## Stored entries
>>>

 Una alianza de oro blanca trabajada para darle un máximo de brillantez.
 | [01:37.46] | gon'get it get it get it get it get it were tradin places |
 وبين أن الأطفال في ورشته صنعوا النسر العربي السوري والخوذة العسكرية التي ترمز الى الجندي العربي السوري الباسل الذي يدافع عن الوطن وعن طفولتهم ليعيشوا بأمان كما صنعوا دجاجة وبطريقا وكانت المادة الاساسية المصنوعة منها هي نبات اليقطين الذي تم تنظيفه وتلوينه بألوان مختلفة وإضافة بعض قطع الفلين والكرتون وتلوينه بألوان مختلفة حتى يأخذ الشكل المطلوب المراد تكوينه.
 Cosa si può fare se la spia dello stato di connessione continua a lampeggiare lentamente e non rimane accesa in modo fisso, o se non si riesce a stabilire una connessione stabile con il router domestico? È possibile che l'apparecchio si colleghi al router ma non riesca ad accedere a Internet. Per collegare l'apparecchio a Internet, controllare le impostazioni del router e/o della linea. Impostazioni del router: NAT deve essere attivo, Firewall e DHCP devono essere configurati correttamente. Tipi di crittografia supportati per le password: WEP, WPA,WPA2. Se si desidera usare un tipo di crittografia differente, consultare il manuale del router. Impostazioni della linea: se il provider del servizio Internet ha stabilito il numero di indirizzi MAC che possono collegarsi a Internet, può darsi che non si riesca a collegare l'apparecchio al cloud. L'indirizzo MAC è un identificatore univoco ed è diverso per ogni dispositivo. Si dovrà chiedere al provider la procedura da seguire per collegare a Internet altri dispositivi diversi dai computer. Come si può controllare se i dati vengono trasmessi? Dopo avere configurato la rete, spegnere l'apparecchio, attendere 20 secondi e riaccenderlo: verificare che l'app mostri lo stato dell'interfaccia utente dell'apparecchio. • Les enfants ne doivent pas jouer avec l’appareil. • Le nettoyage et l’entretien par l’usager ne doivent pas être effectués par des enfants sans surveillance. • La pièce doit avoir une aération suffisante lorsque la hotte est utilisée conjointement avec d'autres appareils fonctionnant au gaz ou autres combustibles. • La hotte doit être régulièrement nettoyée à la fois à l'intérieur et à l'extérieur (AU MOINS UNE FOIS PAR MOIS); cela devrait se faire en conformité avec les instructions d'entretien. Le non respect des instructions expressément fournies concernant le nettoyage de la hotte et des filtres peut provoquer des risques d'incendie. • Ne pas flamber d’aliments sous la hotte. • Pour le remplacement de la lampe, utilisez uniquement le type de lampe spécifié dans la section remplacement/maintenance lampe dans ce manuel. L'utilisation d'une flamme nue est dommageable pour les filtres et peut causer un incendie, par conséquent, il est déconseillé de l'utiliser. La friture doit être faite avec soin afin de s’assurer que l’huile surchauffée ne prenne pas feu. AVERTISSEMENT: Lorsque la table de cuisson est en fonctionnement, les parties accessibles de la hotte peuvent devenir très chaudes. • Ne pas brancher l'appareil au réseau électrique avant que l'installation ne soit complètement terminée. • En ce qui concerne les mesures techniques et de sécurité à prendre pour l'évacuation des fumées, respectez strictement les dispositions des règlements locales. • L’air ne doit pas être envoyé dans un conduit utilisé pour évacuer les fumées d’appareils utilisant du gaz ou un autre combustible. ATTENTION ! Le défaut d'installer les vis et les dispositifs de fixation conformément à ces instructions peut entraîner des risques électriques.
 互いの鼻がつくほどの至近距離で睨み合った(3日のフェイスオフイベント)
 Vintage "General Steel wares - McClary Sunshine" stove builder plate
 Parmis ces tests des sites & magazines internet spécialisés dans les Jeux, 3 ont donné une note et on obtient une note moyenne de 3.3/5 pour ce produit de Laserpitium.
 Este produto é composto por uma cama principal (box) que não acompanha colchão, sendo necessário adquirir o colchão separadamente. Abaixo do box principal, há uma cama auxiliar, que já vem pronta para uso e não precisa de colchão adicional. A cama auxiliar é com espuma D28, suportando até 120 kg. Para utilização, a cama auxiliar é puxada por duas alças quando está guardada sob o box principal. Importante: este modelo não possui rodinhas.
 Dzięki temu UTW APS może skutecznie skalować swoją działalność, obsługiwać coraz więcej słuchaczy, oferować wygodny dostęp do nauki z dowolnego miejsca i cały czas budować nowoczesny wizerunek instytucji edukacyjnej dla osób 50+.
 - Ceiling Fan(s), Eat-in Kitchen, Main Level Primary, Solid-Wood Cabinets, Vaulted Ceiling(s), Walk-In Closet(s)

<<<

## Work task
Please print the records above exactly from their first line. End with the line containing "tradin places |", and include it.

## Written reply
 Una alianza de oro blanca trabajada para darle un máximo de brillantez.
 | [01:37.46] | gon'get it get it get it get it get it were tradin places |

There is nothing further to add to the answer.